I recently started learning Scala language, along with the Spark framework, when working on our big data stack. Having not much experience with Java, it is a challenge to learn the fundamentals, but I am still learning and its a long way to go.
Publishing small bits of useful information to everyone, so that beginners like me, can find it useful.
So the task in spark was to create empty dataframes (Won’t go into dataframe details, for now, as even I am learning the stuff). If you have worked with Pandas framework in Python, you should be acquainted with Dataframe term.
If you still don’t understand it, for quick understanding, think of it as a 2 dimensional table, which stores the data in memory (can be extended to disk).
Creating a dataframe, this task is usually done by reading the data files in whichever format. But we had to create an empty dataframe, for this we used the below approach.
Using Case class
Case class, this is very frequently used construct in Scala language. we will use case class to define the schema of dataframe.

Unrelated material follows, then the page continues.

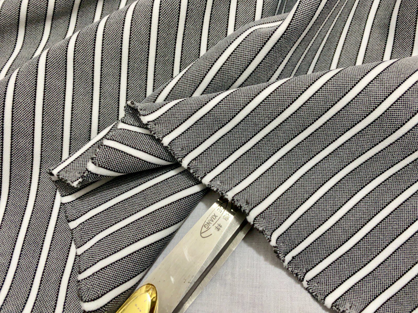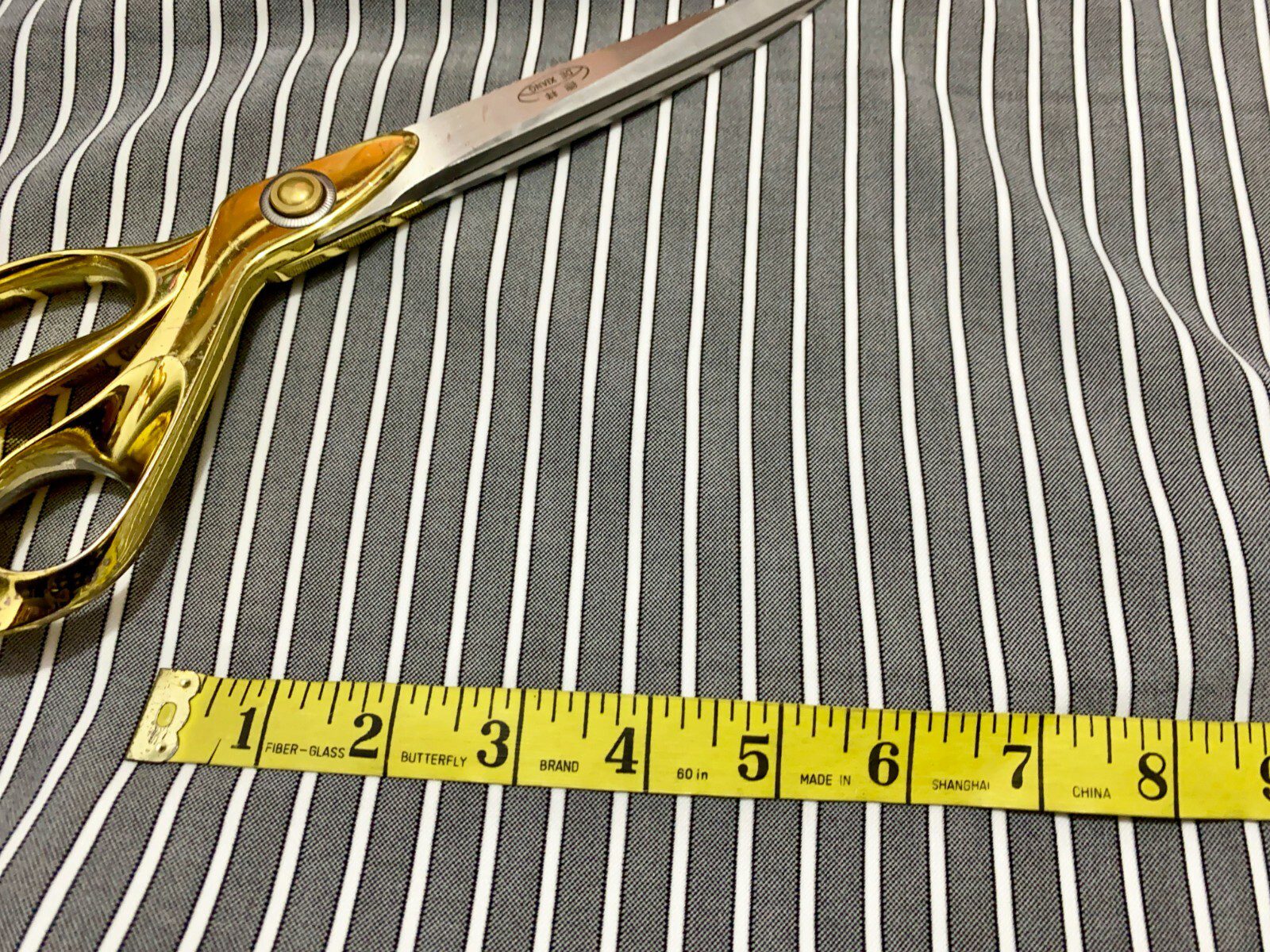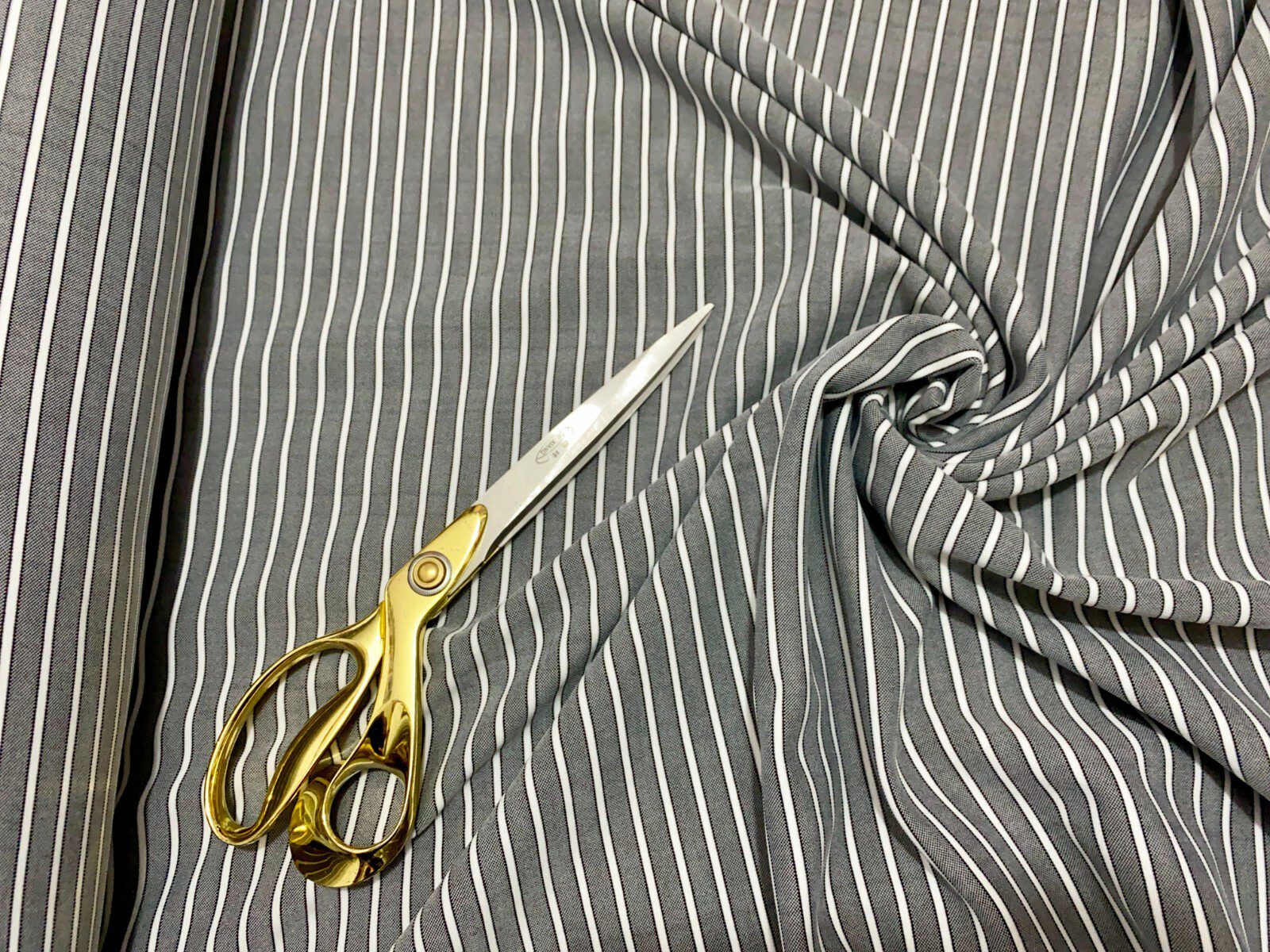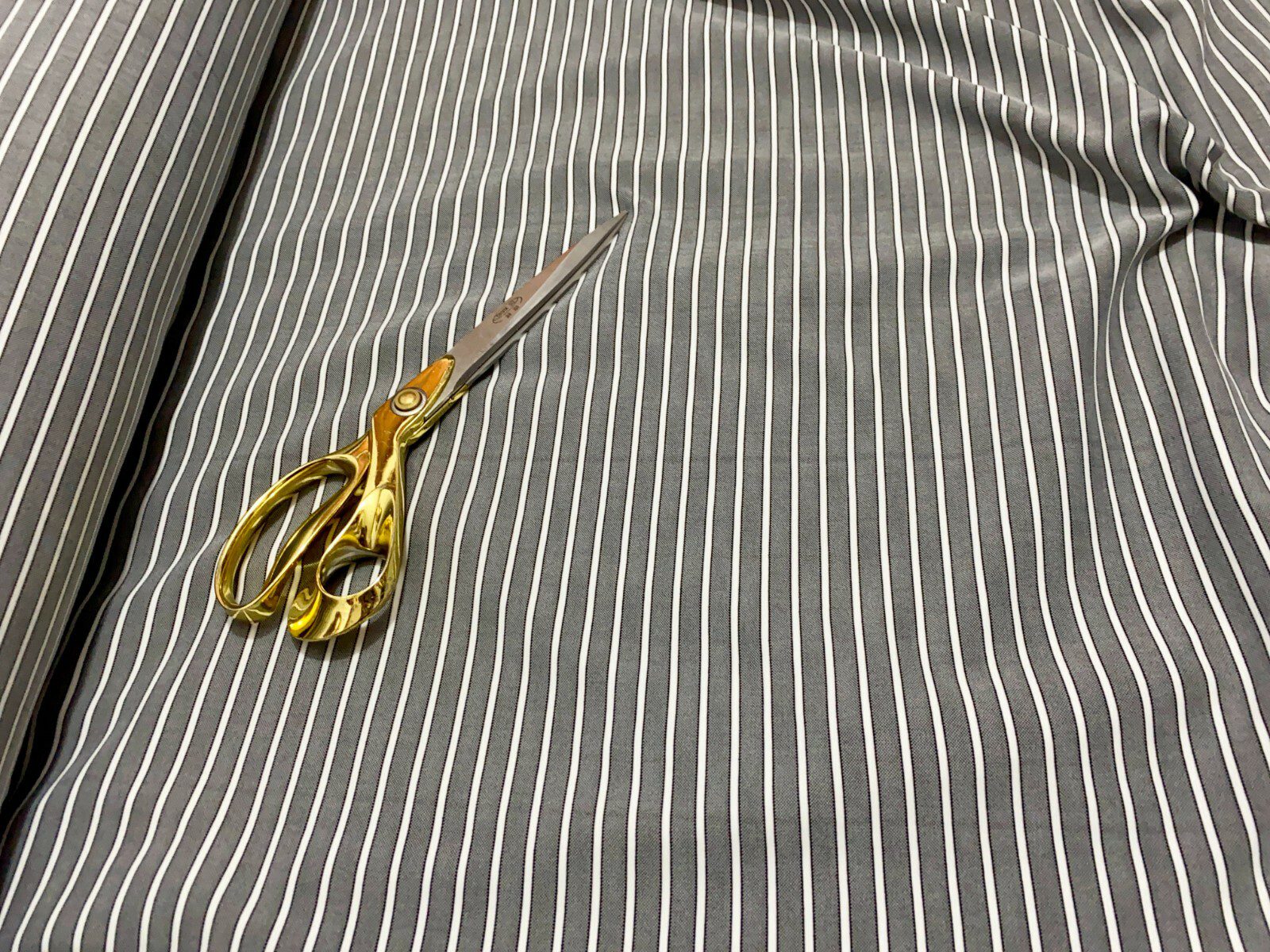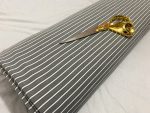 This versatile grey and white striped stretch jersey fabric is made from a soft, breathable double knit, offering excellent comfort and structure. With a medium weight and 2-way stretch, it’s ideal for dresses, tops, face masks, headwear, and loungewear. The fine stripe design adds a clean, modern look, while the double-knit construction provides added durability and opacity.

Here we are using Seq keyword, which means we are asking to create a empty sequence in scala and then convert it into the schema mentioned in case class, finally converting to a DataFrame, using the toDF method, which is spark Framework API for creating dataframes from Sequences, List.
case class model (id : Int, Name : String, marks : Double) val emptyDf = Seq.empty[model].toDF emptyDf.show +---+----+-----+ | id|Name|marks| +---+----+-----+ +---+----+-----+
So, you can define the schema, you need and then create an empty dataframe as above.